Fricção quântica. No grafeno, a água consegue “falar” com os eletrões

(dr) carbyneventures.com

Os resultados desta nova investigação podem motivar futuras aplicações em processos de purificação e dessalinização de água e até a computadores à base de líquidos.

Ao contrário de um sólido, que é constituído por átomos organizados numa nuvem de eletrões, a água é constituída por pequenas moléculas que se movem aleatoriamente e colidem constantemente umas com as outras.

No âmbito da Física, os mundos sólido e líquido interagem apenas através de colisões das moléculas do líquido com os átomos do sólido. No entanto, há pouco mais de um ano, um estudo teórico alterou este paradigma, sugerindo que, na interface água-carbono, as moléculas do líquido e os eletrões do sólido se empurram e puxam mutuamente, abrandando o fluxo do líquido.

Este efeito, denominado de “fricção quântica“, não passava da teoria. Até agora.

Um novo estudo – realizado por cientistas do Instituto Max Plank para a Investigação de Polímeros de Mainz (Alemanha), do Instituto Catalão de Nanociência e Nanotecnologia (Espanha) e da Universidade de Manchester (Reino Unido) –, concluiu que a água pode mesmo interagir diretamente com os eletrões do carbono: um fenómeno quântico muito invulgar na dinâmica dos fluidos.

Fricção quântica em ação

A equipa analisou uma amostra de grafeno, uma monocamada de átomos de carbono dispostos em forma de favo de mel, e utilizou impulsos ultracurtos de laser vermelho (com uma duração de apenas um milionésimo de bilionésimo de segundo) para aquecer instantaneamente a nuvem de eletrões do material.

Depois, monitorizou o seu arrefecimento com impulsos de laser terahertz, que são sensíveis à temperatura dos eletrões do grafeno.

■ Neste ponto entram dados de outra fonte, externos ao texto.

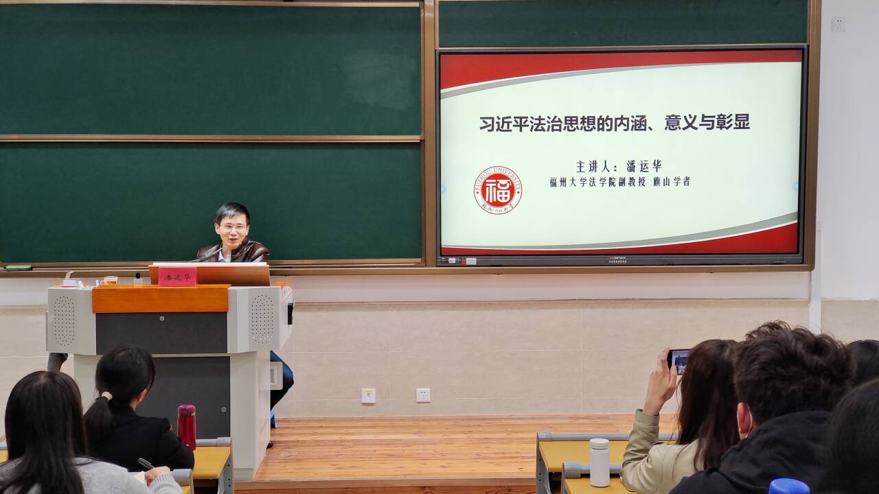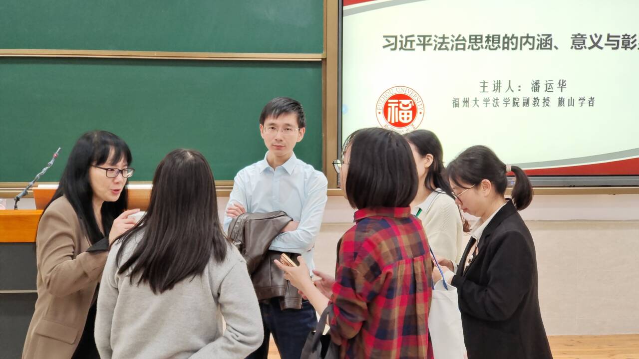 習近平法治思想是馬克思主義法治理論中國化的最新成果,是中國特色社會主義法治理論的重大創(chuàng)新發(fā)展,對于全面加快我國社會主義法治建設具有重大現(xiàn)實意義和深遠歷史意義。在第十個國家憲法日即將到來之際,為引導廣大師生大力弘揚憲法精神,建設社會主義法治文化,深刻認識我國社會主義法治的本質特征,深刻認同黨的領導是全面依法治國的根本保證,2023年11月23日,福建省民商法學研究會理事,福州大學“旗山學者”、法學院副教授潘運華受邀在崇健樓202開展專題講座、教學研討和法律咨詢“三組合”活動。我校思政課專兼職教師、醫(yī)學技術與工程學院部分學生參加講座,講座由馬克思主義學院院長熊美蘭、副院長來朋珍共同主持。
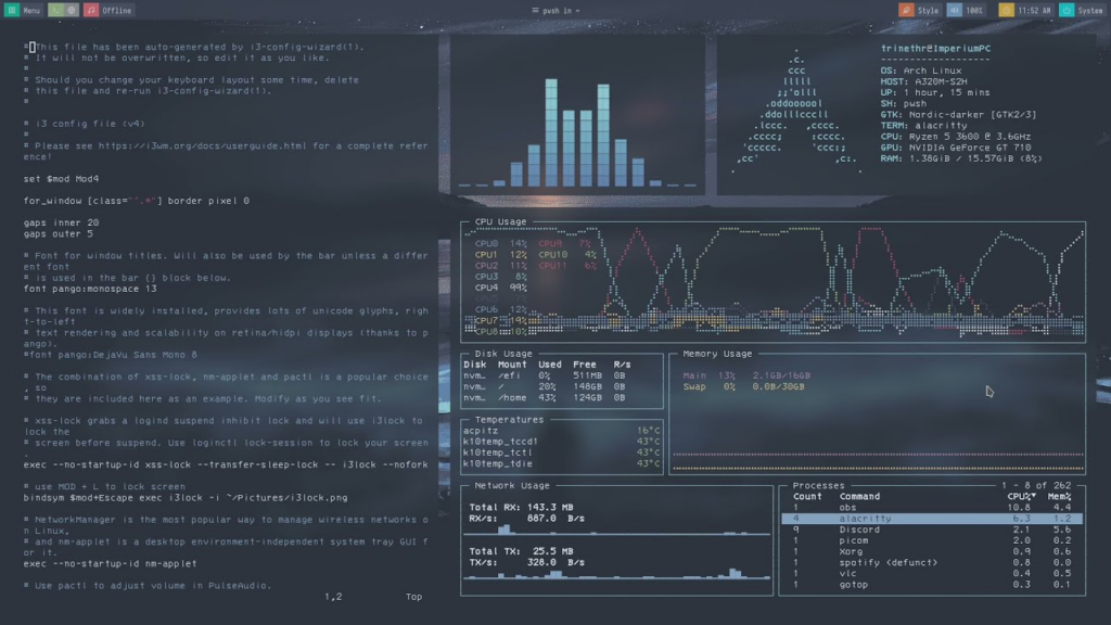 With all that stuff installed, we can go to config file: ~/.config/i3/config
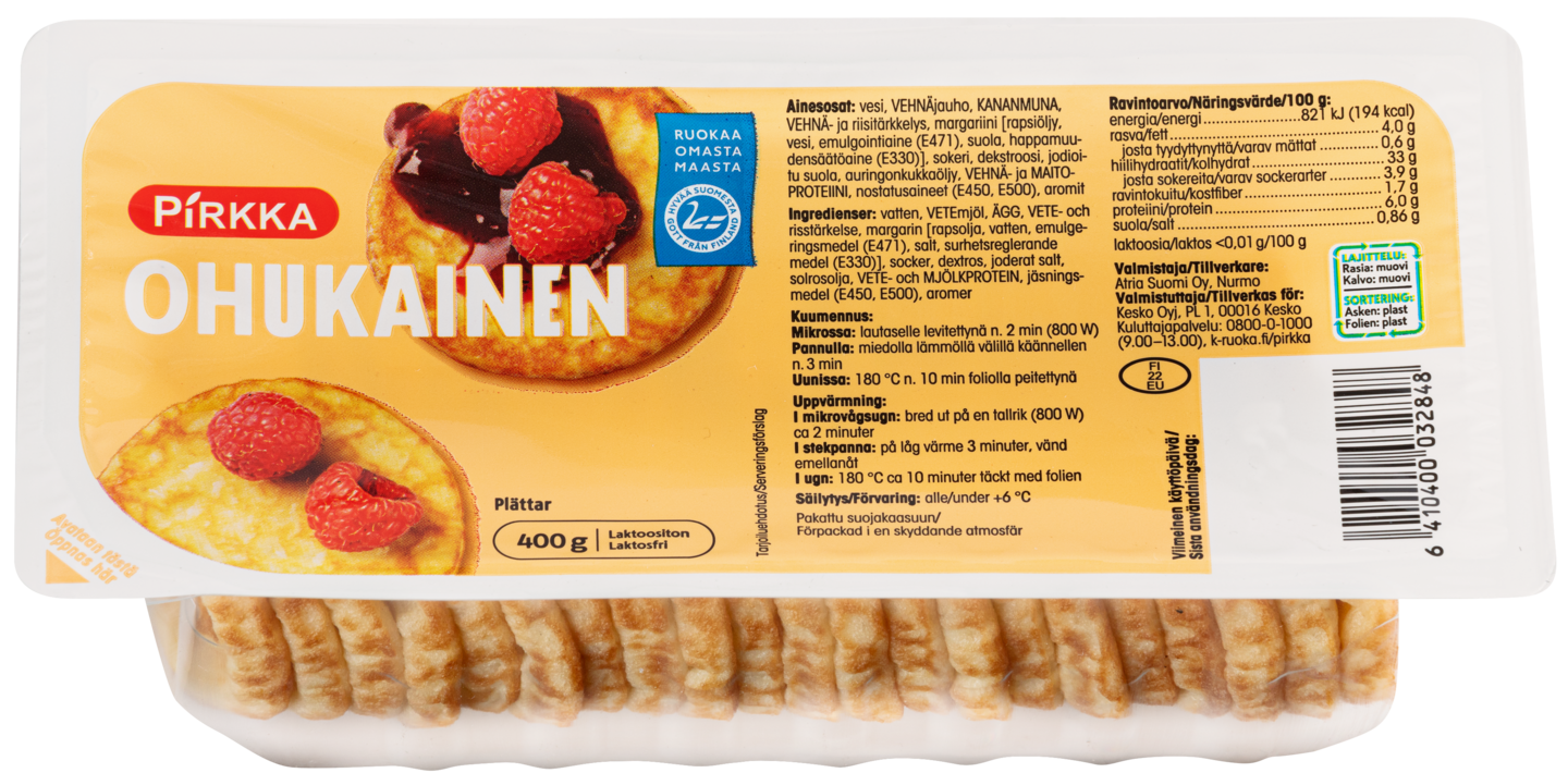 Ohukaiset sopivat sellaisenaan makeiden hillojen tai suolaisten lisäkkeiden kanssa. Ohukaiset maistuvat perinteiseen tapaan hillon ja kermavaahdon kanssa. Tuote on vähälaktoosinen ja valmistettu Suomessa.
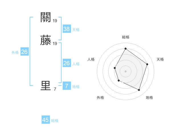 關藤 里さんの総格は45画の4点!

Para sua surpresa, a nuvem de eletrões arrefeceu mais rapidamente quando o grafeno foi imerso em água, enquanto que a imersão do grafeno em etanol não fez qualquer diferença na taxa de arrefecimento.

“Isto foi mais uma indicação de que o par água-carbono é de alguma forma especial, mas ainda tínhamos de perceber o que se passava exatamente”, explicou Nikita Kavokine, do Instituto Max Planck, citada pelo SciTechDaily.

Uma das explicações plausíveis é que os eletrões quentes empurram e puxam as moléculas de água para libertarem parte do seu calor. No fundo, arrefecem por fricção quântica.

Acreditando no potencial desta teoria, os cientistas aprofundaram-na e concluíram que a fricção quântica entre a água e o grafeno pode mesmo explicar os mais recentes dados experimentais.

O que torna a água especial, neste caso, é o facto de as suas vibrações (hidrões) estarem em sincronia com as vibrações dos eletrões do grafeno (plasmões), fazendo com que a transferência de calor grafeno-água seja reforçada através de um efeito conhecido como ressonância.

As experiências confirmam assim o mecanismo básico da fricção quântica sólido-líquido, um avanço que poderá ter implicações nos processos de filtração e dessalinização, nos quais a fricção quântica poderá ser utilizada para ajustar as propriedades de permeação das membranas nanoporosas.

“O nosso sonho é ligar e desligar a fricção quântica”, completou Kavokine. “Desta forma, poderíamos conceber processos de filtragem de água mais inteligentes e até computadores à base de fluidos.”

O artigo científico foi recentemente publicado na Nature Nanotechnology.